「うーん……」
「おはよう……辛そうだな、417」
「ダーリン……お腹がおもぉぃ……」
今日の私はもう朝からだるーんとしていた。そりゃもうお腹がクソがつくほど重い。
赤ちゃんもすくすくと育っているようでお腹が無視できない位に大きく膨らんできた。
因みにお姉ちゃん達も膨らみが確認できるし……
あとイサカのお腹もかなり出っ張ってた。とてもうれしそうに撫でてた。
しかし私とヴィオラはもうかなり出っ張ってきていて中々つらい……
世の中のママはこれを体験してたんだって思うとそりゃ強いわって思うね。
正直甘く見てた、この重さは人形でも中々くるものがある……
「おっぶ……」
「どうした」
「赤ちゃんの迫真のキック……」
「安定期に入ってからちょっとづつヤッてたし……それに対する抗議かもな」
「そんなぁ……」
ゴム有りって事が絶対条件になったけど私もヴィオラもお許しが出たの。
ついでに言えば安定期に入った後は体調を崩さない程度になら前と変わらないようにしても良い。
まぁお腹に負担がかかるようなことはそもそもだけど私達おっぱいデカイ組は出来ないし。

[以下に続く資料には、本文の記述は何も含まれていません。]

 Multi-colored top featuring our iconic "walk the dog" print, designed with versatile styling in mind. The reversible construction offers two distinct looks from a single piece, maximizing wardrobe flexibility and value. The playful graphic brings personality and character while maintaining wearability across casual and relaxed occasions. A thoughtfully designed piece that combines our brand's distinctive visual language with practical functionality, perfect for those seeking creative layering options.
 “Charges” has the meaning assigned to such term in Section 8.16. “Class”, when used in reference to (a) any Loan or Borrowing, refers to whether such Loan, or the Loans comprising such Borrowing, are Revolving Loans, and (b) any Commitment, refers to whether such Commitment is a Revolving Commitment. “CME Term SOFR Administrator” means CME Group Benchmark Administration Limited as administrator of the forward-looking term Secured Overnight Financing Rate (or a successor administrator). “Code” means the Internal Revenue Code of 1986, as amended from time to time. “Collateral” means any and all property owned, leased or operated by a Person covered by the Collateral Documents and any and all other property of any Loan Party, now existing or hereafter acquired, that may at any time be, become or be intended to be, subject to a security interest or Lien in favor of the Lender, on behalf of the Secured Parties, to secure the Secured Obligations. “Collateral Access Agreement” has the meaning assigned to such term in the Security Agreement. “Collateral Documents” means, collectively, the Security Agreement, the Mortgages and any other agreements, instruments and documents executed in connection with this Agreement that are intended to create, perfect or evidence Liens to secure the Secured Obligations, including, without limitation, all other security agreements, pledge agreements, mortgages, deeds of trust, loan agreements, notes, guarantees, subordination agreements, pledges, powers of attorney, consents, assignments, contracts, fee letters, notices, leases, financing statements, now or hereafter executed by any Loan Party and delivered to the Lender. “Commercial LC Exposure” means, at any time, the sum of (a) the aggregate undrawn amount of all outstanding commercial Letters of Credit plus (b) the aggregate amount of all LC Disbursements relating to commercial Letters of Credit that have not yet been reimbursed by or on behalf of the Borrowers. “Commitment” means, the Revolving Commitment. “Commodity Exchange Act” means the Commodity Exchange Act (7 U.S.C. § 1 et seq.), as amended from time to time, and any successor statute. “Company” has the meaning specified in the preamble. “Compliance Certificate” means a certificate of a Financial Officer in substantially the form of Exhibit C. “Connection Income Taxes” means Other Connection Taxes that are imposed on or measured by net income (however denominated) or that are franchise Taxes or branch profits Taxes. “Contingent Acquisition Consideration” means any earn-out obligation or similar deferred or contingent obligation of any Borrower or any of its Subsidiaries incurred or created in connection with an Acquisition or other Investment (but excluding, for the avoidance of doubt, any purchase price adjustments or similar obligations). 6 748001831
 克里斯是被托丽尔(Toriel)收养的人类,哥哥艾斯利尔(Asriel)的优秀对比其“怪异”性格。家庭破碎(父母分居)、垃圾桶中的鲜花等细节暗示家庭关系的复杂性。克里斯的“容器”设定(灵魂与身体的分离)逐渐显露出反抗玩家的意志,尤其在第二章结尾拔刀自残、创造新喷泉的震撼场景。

絶対に胸が潰れて苦しいってなったりするから自然と避けちゃうんだよね。
I.O.Pからの回答も帰ってきていて今の所着床後の流産確率は低く……
人工子宮でも順調に生育していることが確認されている。
外的な刺激を与えた際のデータも取っているがこれもまた問題はない。
ただしながら絶対にしないだろうと思われるが……後期に入れば止めろって。
そもそもそんな時に入ったらまともに動くのも一苦労になりそうだ。
「ふげぇ……でも元気にダーリンの子供が育ってきてくれてて私は嬉しいな」
「その、側にいてやるくらいしか出来ないが……頑張って俺の子供を産んでくれ」
「……えへへ、そりゃもちろんだよ。ね、ヴィオラ?」
「……気づいていたか」
ヴィオラもちょっと前に目が覚めてる気配がしていた。
私もヴィオラもやんわり優しく抱いてもらってたから幸せいっぱいで眠ってたし……
私より先に抱いてもらって優しく寝かしつけてもらったんだからそりゃね?
ほんのり赤い顔で寝返りをうったヴィオラ。うーん、この幸せいっぱいの顔。
「私も苦しいが、これは幸せの苦しみだ……主人との愛の結晶を産み落とす……なんと胸が弾む事か」
「今日はどうしよっか……スタジオで音楽してる?」
「む……それもいいな」
「じゃあ416たちにも伝えて……後で俺も行くから聞かせてくれよ」
――――――――――――
「まさか安定期に入った段階で音楽をとは……」
「完璧な育児には必要不可欠ね」
「ダーリン!ダーリンとダーリンのベビーの為にやるわよぉー!」
「わかったわかった、まだ頭がガンガンするんだちょっと声をおさえてくれ」
イサカ、主任夫婦は比較的暇って言うのもあって揃ってスタジオに来ていた。
なお私とヴィオラ以外は殆どズブの素人です。楽器ばっかりは豊富に揃ってるんだよね。
と言っても流石に10人近くの楽器は揃えられちゃいない。
練習がてらだから結局奏でるのは……みんな知ってる曲で、コード進行が緩いやつ。
まぁぶっちゃけ私達で奏でる必要性はあんまりないけどね。
普通に兵舎でのんびりしながらレコードを聞いてっていうのも優雅だと思う。
「じゃ、軽く……カントリー・ロード」
「あぁ、今はないアメリカの……」
「ダーリン、あとでおっぱいで窒息刑ね♪」
主任がぽろっと言ったけど……太平洋と呼ばれた海は今やE.L.I.Dばかりの大汚染海だ。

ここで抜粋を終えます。